Page 3: BENİMYUVAM E BÜLTEN · SAYI:2 (MAYIS‐HAZİRAN/2008) ... Özellikle 1999 yılında yaşanan Marmara Depremi'nden sonra bazı Avrupa ülkelerinden kimsesiz kalan çocukları evlat

BENİMYUVAM E-BÜLTENİ SAYI:2 (MAYIS-HAZİRAN/2008)

AYIN KONUSU – KARDEŞ BULUŞMASI

“Kardeşi olmalı insanın karındaşı olmalı, kanlısı da olsa kardeşi olmalı mutlaka…”

İstanbul Sosyal Hizmetler İl Müdürlüğü' nün düzenlediği ve Benimyuvam Grubu’nun da gönüllü olarak görev aldığı II. KARDEŞ BULUŞMASI; 4 Mayıs 2008 Pazar günü 11.00 - 15.00 saatleri arasında Sophia Çengelköy Balo Salonu'nda gerçekleştirildi.

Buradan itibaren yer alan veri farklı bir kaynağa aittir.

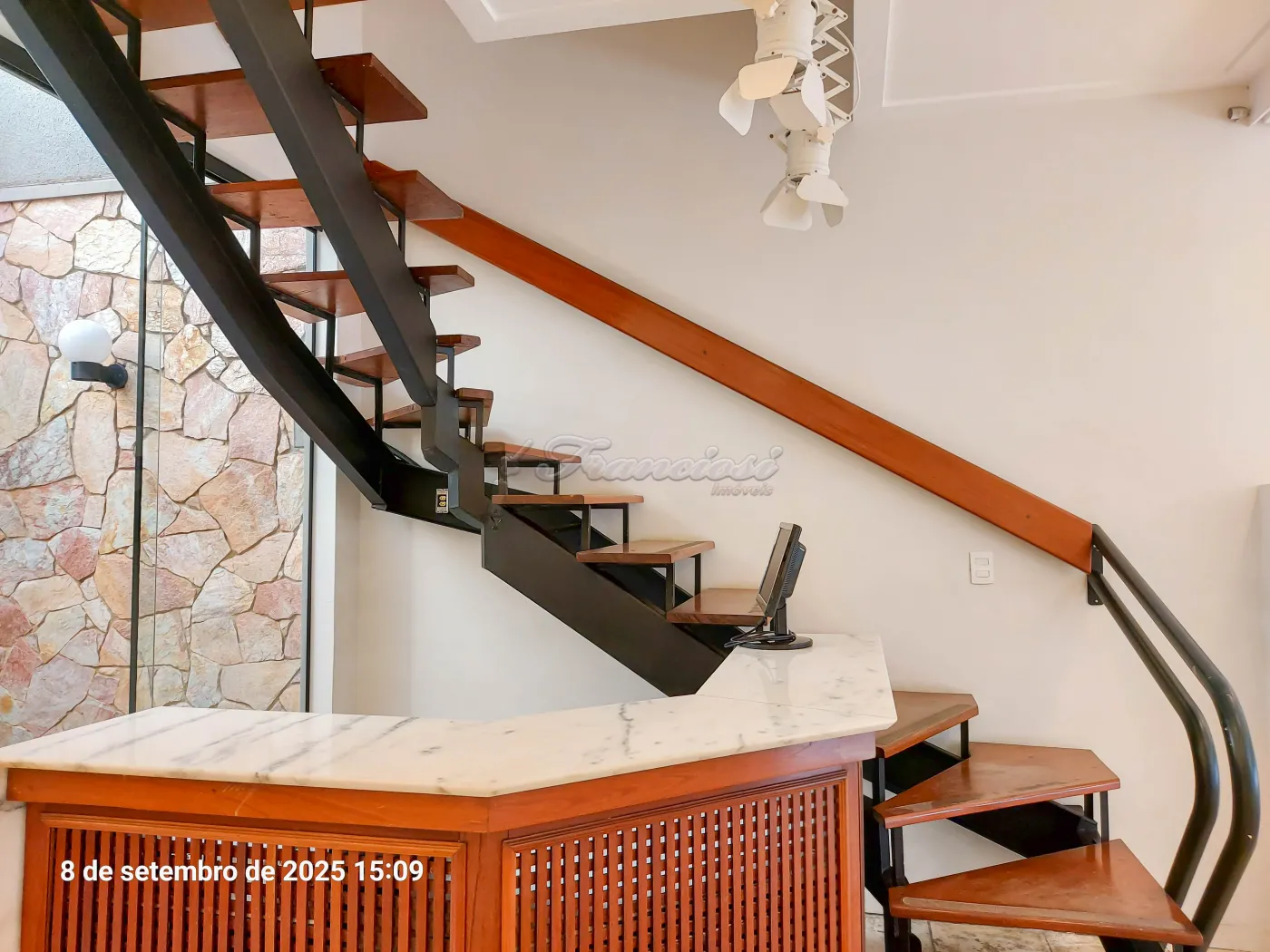 Acabamento: laminado (parte superior), laje, azulejos, gesso com led, pedra mineira polida, ardósia (parte externa), escada de madeira.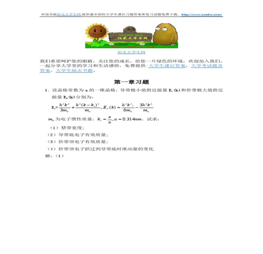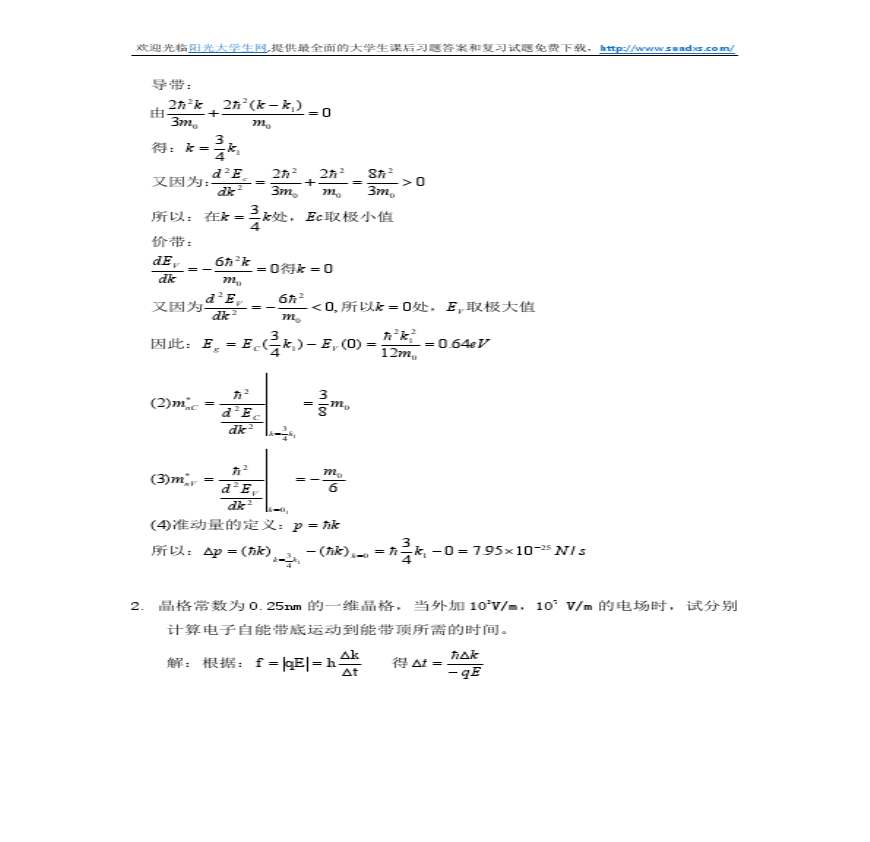 半导体物理学(刘恩科第七版)课后答案(完整版)资料下载,喜欢的朋友可以下载收藏!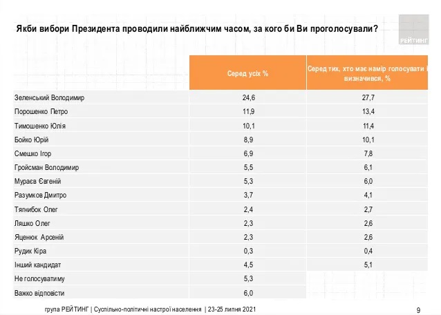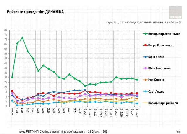 Якби вибори проводилися найближчим часом, 27,7% (29,1% у червні) проголосували б за Володимира Зеленського (серед тих, хто голосуватиме та визначився з вибором), 13,4% підтримали б Петра Порошенка, 11,4% – ЮліюТимошенко, 10,1% – Юрія Бойка.

SHÇEK'in 18 ayrı kurumundan gelen 400 çocuğumuzun katıldığı; kardeşleri ile aynı masayı paylaşarak birlikte yemek yedikleri, dans ettikleri ve yarışmalara katıldıkları bu etkinlik duygulu ve coşkulu anlarında yaşanmasına sahne oldu. Kardeşlik duygularının gelişmesini, kaynaşmalarını ve buluşmalarını sağlamak için düzenlenen I. KARDEŞ BULUŞMASI' nda ilk kez bir araya gelen kardeşlerin, gözlerinde yaşanan mutluluk ve ayrılık zamanındaki hüzün bu tarz etkinliklerin sürekliliği konusunda SHÇEK gibi Benimyuvam Grubu’nu da cesaretlendirmişti, Keyifli ve bir o kadar da manevi değeri yüksek olan bu organizasyonların (verilecek destek ile) her sene düzenlenmesi konusunda teşvik edici olmuştur. Bu güzel organizasyona SHÇEK Genel Müdürü Sayın İsmail Barış 'ın yanısıra Erol ve Ute Büyükburç çifti de unutulmaz şarkıları ile katıldı. Katılan sanatçıların ve Animasyon Grubu’nun muhteşem gösterileri etkinliğe damgasını vurdu. Keyifli şarkılar ile coşan çocuklar, Animasyon Grubu’nun gösterileri ve dans yarışmasıyla sahneyi boş bırakmadılar. SHÇEK Genel Müdürü Sayın İsmail Barış ve İl Müdürü Sayın Seyfi Bozçelik, bu güzel organizasyonda emeği geçen ve desteklerini esirgemeyen sponsorlara bunun yanı sıra Sayın Erol ve Ute Büyükburç’a, teşekkülerini verdikleri plaketleri ile sundular. Dansların, halayların ve çocuklarımızın hazırladıkları güzel oyunlarının sonrasında şu söz belkide yaşanılan günün ve yaşadıklarımızın tüm cevabını vermeye yetiyordu.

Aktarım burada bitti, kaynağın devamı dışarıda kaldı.